Pathogenesis of vestibular schwannoma in ring chromosome 22
1 Department of human genetics, University Hospital Gasthuisberg, Leuven, Belgium
2 Department of Paediatrics, University Hospital Gasthuisberg, Leuven, Belgium
3 Genetic Medicine, Manchester Academic Health Science Centre, St Mary's hospital, Manchester, UK
4 Department of Neurosurgery, University Hospital Gasthuisberg, Leuven, Belgium
5 Department of Pathology, University Hospital Gasthuisberg, Leuven, Belgium
BMC Medical Genetics 2009, 10:97 doi:10.1186/1471-2350-10-97Published: 22 September 2009
Ring chromosome 22 is a rare human constitutional cytogenetic abnormality. Clinical features of neurofibromatosis type 1 and 2 as well as different tumour types have been reported in patients with ring chromosome 22. The pathogenesis of these tumours is not always clear yet.

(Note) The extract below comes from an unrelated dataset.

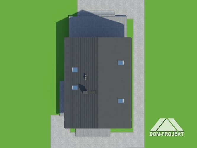 Dom na wąską działkę. Duży salon z aneksem kuchennym i wyjściem na taras. Pokój, łazienka, korytarz, kotłownia i wiatrołap. Na poddaszu trzy pokoje, łazienka, komunikacja i balkon. Zwarta bryła budynki i dach dwuspadowy sprzyjają szybkiej i taniej budowie i niskim kosztom eksploatacji.Rzuty

We report on a female patient with a ring chromosome 22 presenting with severe mental retardation, autistic behaviour, café-au-lait macules and facial dysmorphism. Peripheral blood lymphocytes were karyotyped and array CGH was performed on extracted DNA. At the age of 20 years she was diagnosed with a unilateral vestibular schwannoma. Tumour cells were analyzed by karyotyping, array CGH and NF2 mutation analysis.
Karyotype on peripheral blood lymphocytes revealed a ring chromosome 22 in all analyzed cells. A 1 Mb array CGH experiment on peripheral blood DNA showed a deletion of 5 terminal clones on the long arm of chromosome 22. Genetic analysis of vestibular schwannoma tissue revealed loss of the ring chromosome 22 and a somatic second hit in the NF2 gene on the remaining chromosome 22.
We conclude that tumours can arise by the combination of loss of the ring chromosome and a pathogenic NF2 mutation on the remaining chromosome 22 in patients with ring chromosome 22. Our findings indicate that patients with a ring 22 should be monitored for NF2-related tumours starting in adolescence.